Ghanaian local governance expert

Eric Oduro Osae is the second Ghanaian and the fourth African to serve on the Independent Audit Advisory Committee of the UN General Assembly, a Ghanaian local governance official, lawyer and chartered accountant who until 17 April 2025 serves as the director general of the internal audit agency of the Republic of Ghana. He is the technical director to the Ministry of local Governance and Rural Development. Osae is the dean of graduate studies at the Institute of Local Governance and a radio and television analyst on local governance issues.

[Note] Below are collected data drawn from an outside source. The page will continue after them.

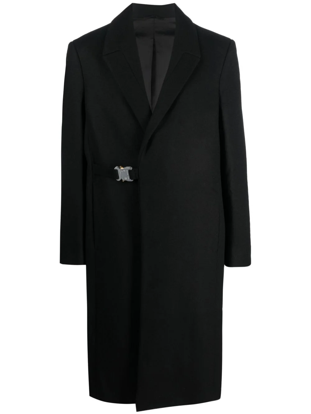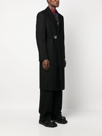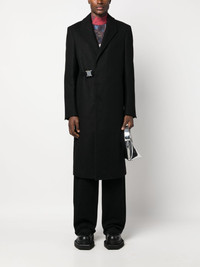 buckled wool-blend coat Adhering to 1017 ALYX 9SM's contemporary aesthetic, this black coat features a traditional wool-blend silhouette secured with a rollercoaster buckle on the front. This contrasting detail enhances the timeless design while emphasising the label's distinctive style. Highlights - Black - Wool blend - Peak lapels - Shoulder pads - Long sleeves - Buttoned cuffs - Two side slit pockets - Central rear vent - Straight hem - Knee-length Made in Italy Composition Lining: Cupro 100% Outer: Wool 80%, Polyamide 20% SIZE & FIT Model measurements Height 6 ft 2 in(1.89 m) Bust/Chest 39.76 in(101 cm) Hips 37.4 in(95 cm) Waist 29.92 in(76 cm) FittingInformation Designed for a boxy fit, intended for a loose fit throughout The vented hem offers movement at the rear Made from a midweight non-stretch fabric This piece fits true to size – take your usual size Washing instructions Dry Clean Only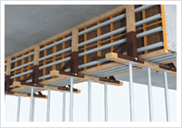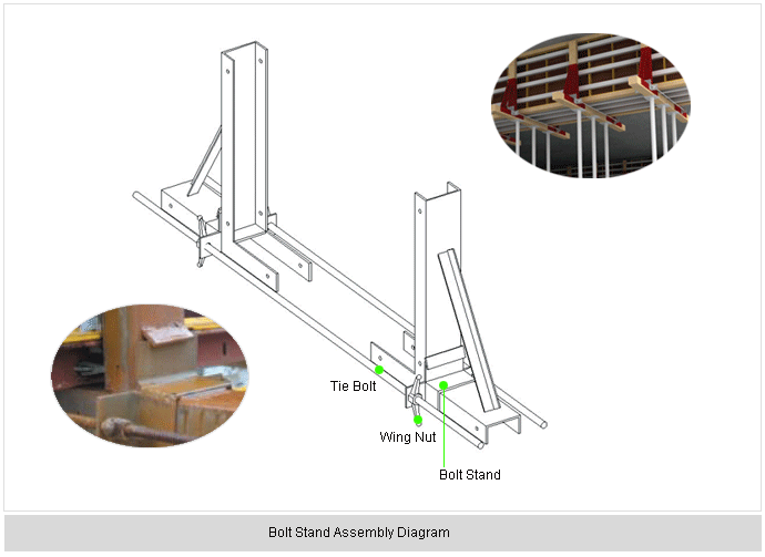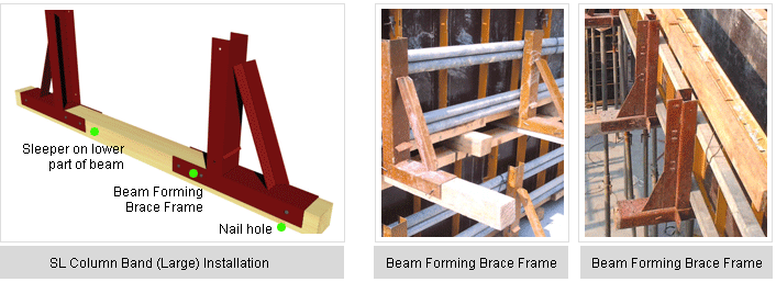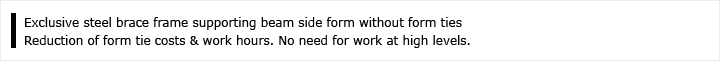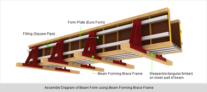 Support the entire side of beam by inserting a rectangular timber into Beam Forming Brace Frame as the deeper beam has a higher concrete lateral pressure working on the beam side. Prevent lateral pressure separation by fastening bolts.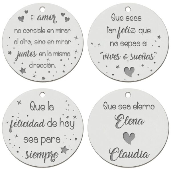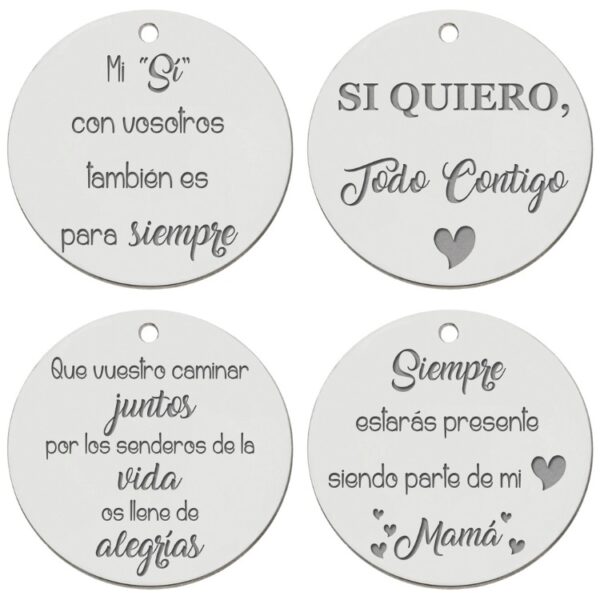 Más que un adorno, esta medalla personalizada es un recuerdo tangible de tu día especial. Se presenta en un delicado estuche con cinta de terciopelo rosa empolvado, listo para ser unido a tu ramo. Ideal para recordar a seres queridos o portar mensajes significativos, esta pieza destaca por su versatilidad y valor emocional.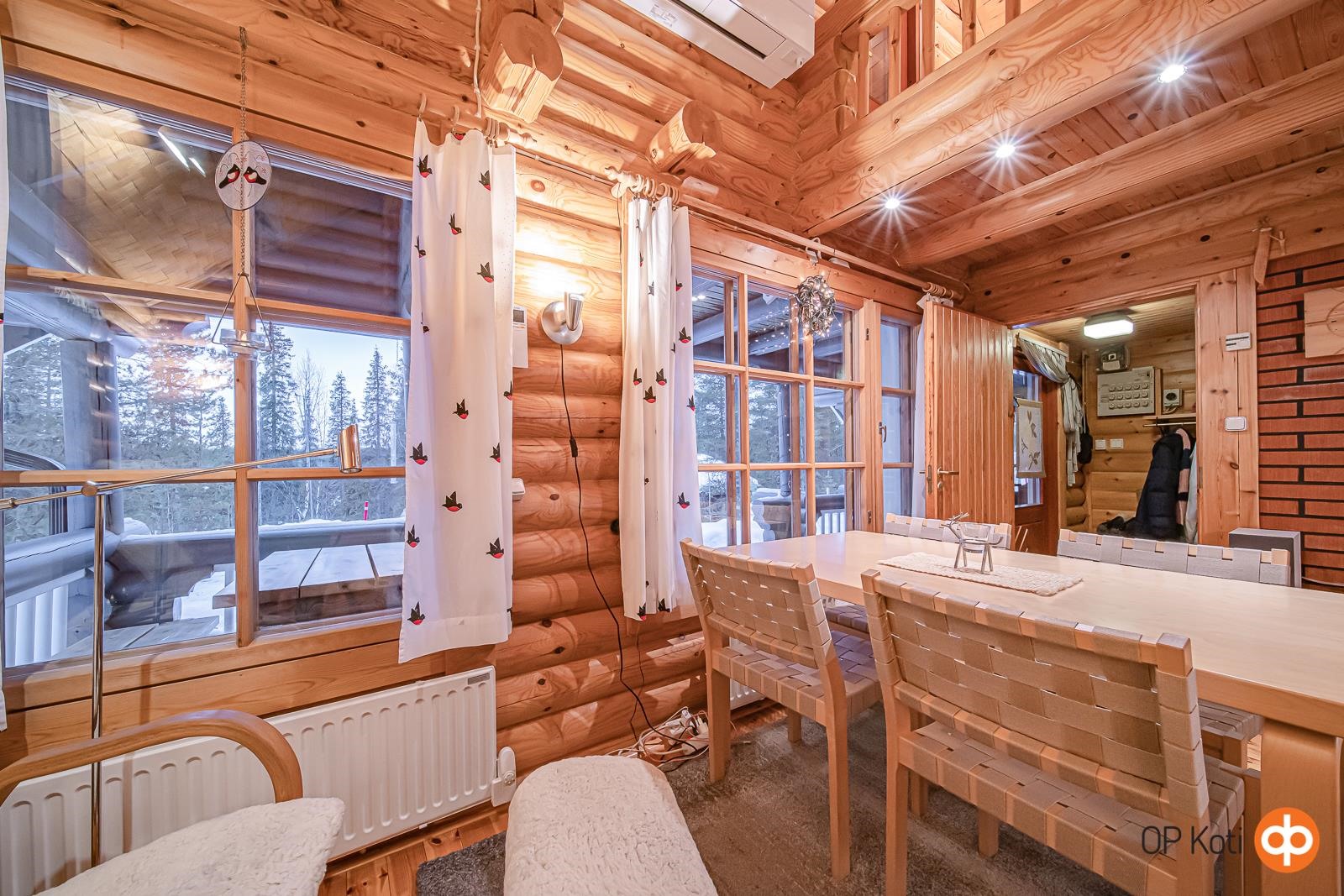 Hyvässä kunnossa pidetty hirsimökki kauniin luonnon keskellä Pallaksella. Olohuoneen ikkunoista avautuu upea maisema tuntureille. Mökki on hyväkuntoinen ja tiloiltaan toimiva. Mökki on rakennettu kahteen osaan, olohuoneessa voi rauhassa viettää aikaa häiritsemättä muita, ja makuuhuoneet sijaitsevat rakennuksen toisessa päässä. Mökistä löytyy kaikki tarvittava rentoon olemiseen ja rauhallinen ympäristö takaa nautittavan loman. Pallaksen luontoreitit ja rinteet ovat noin 20 km päässä ja hiihtoladut ovat lähellä. Tervetuloa tutustumaan tähän kauniin luonnon ympäröimään kohteeseen!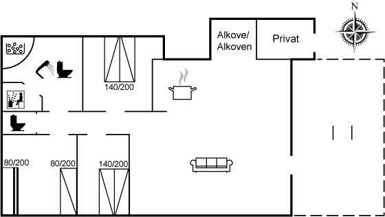 In der Ferienunterkunft gibt es einen Fernseher. Mindestens 4 dänische Fernsehsender. Mindestens 4 deutsche Fernsehsender. Es steht kabellose Internetverbindung zur Verfügung.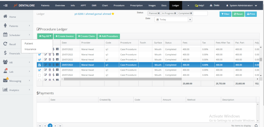 Now in Dentalore you can pay all insurance parotion of the selected procedures by one step instead of selecting each procedure and pay it individually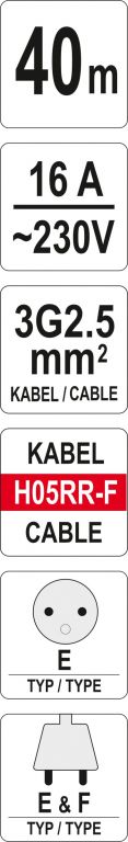 Kvalitně izolované měděné dráty pro připojení až 4 zařízení současně. Kabel H05RR-F odolává nejen mechanickému poškození, ale také chemickým látkám (oleje, benzín, ethyl-alkoholy, methyl, atd.) Zásuvka je opatřena pryžovou zátkou, která chrání prodlužovací kabel před nečistotami a vlhkostí.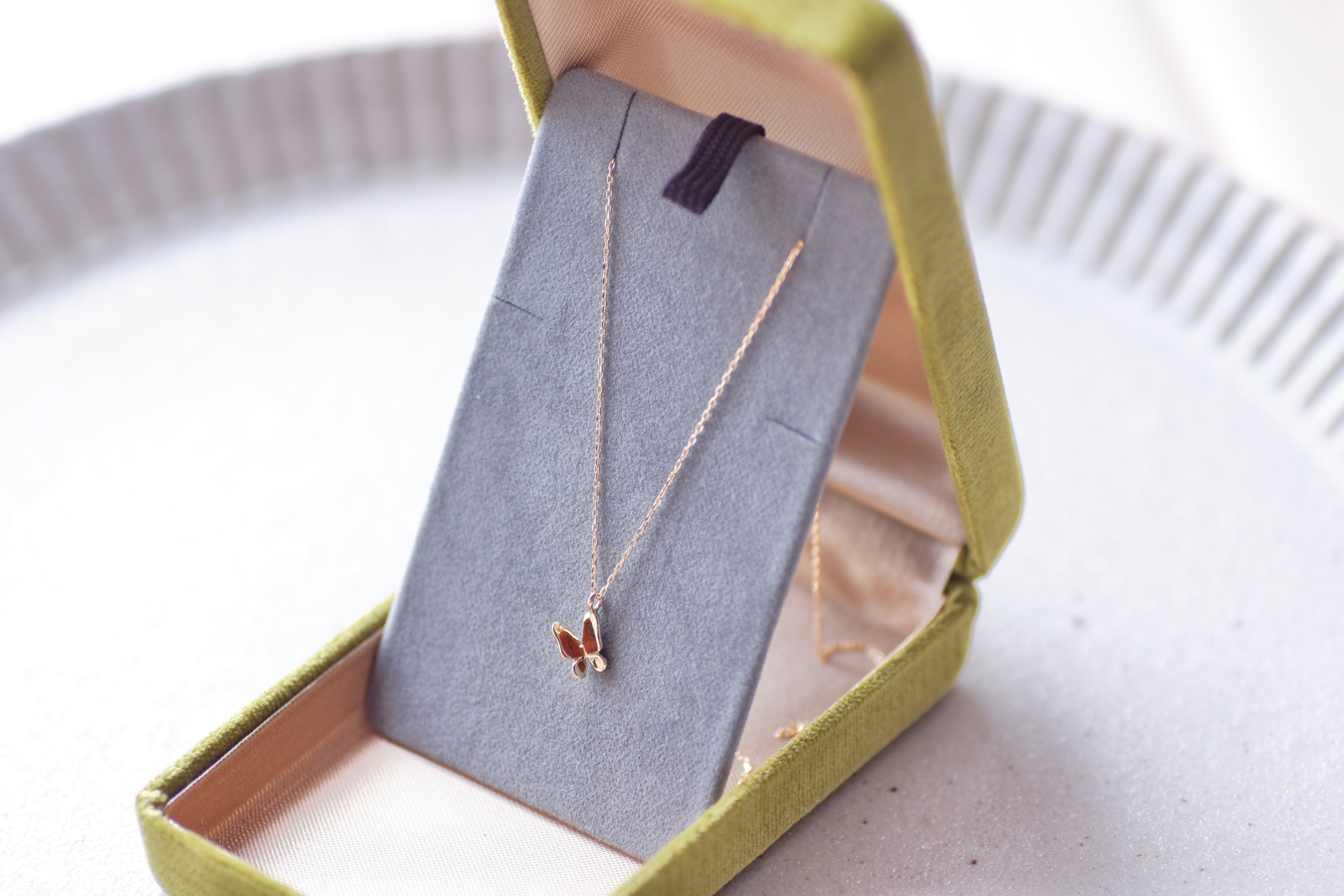 裏面に蝶の羽の模様を模した彫刻をしていますので、トップが裏返っても可愛いです。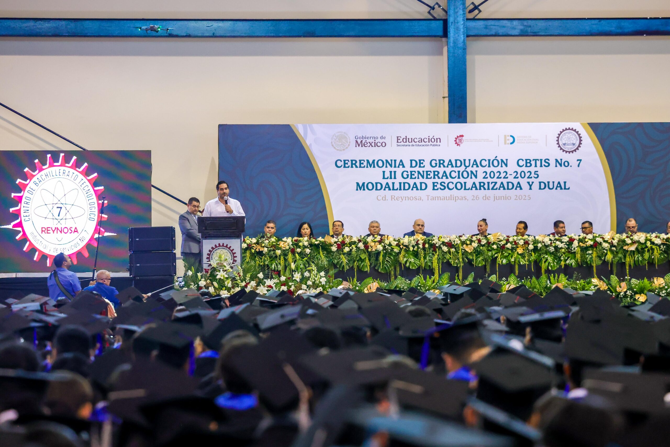 «Felicidades a todos los graduados el día de hoy, por el gran sacrificio que han hecho para llegar a este día tan importante y el día de hoy culminan una nueva etapa de su desarrollo educativo», declaró el Alcalde Carlos Peña Ortiz en la graduación de estudiantes del CBTIS 7 que dirige la Dra. Brenda Lilia Godina Tovías.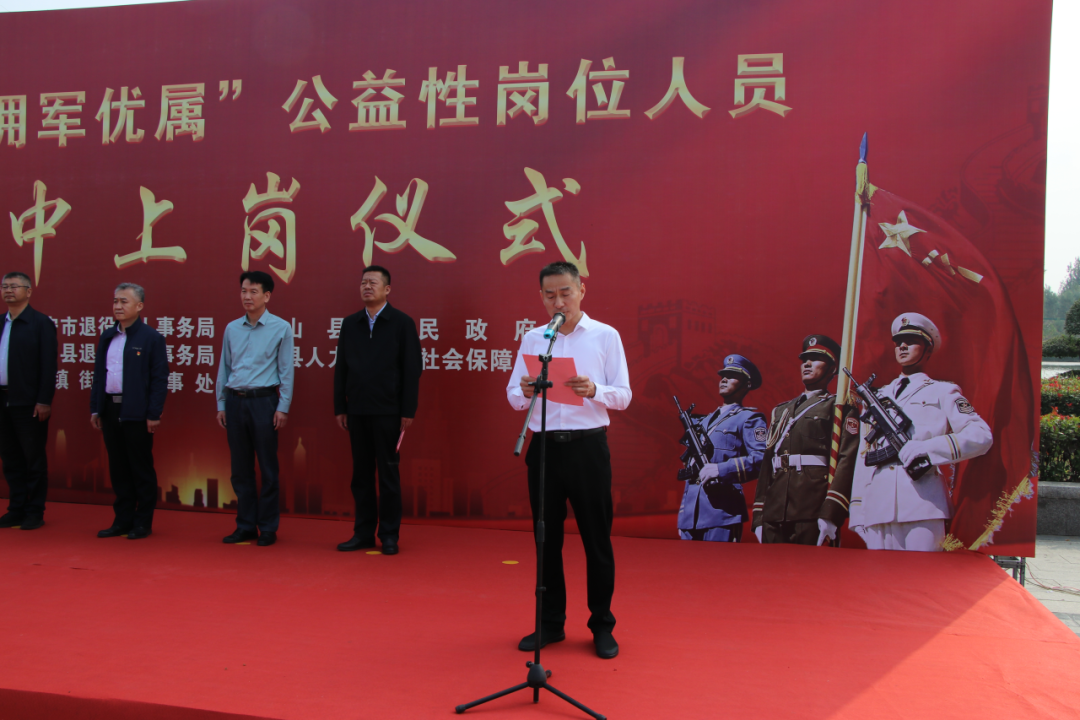 上岗仪式由县退役军人事务局党组书记、局长李冰主持,与会领导为上岗人员颁发了“拥军优属”公益性岗位人员上岗聘书。

== Early life and education ==
Osae had his senior high school education at the Presbyterian Boys Secondary school, Legon, Accra. He continued at the University of Professional Studies, Accra to read accounting, also attended Institute of Chartered Ghana to become a chartered accountant. Osae continued his education at the University of Cape Coast where he was awarded Bachelor of Commerce Degree and in 2007 graduated as the best Tax Lawyer at the Ghana School of law. He later went to the University of London and was awarded a Ph.D. in Political Economy.

== Career ==
Osae practiced previously from the Chamber of Koi Larbi & Co. and has served as the head of finance and accounts at the Institute of Local Government Studies between 2000 and 2010. He is the Technical Advisor for the Ministry of Local Government and Rural Development. Osae is currently the Director General of the Internal Audit agency. He is also an academic who is the Dean of graduate studies at the Institute of Local Governance.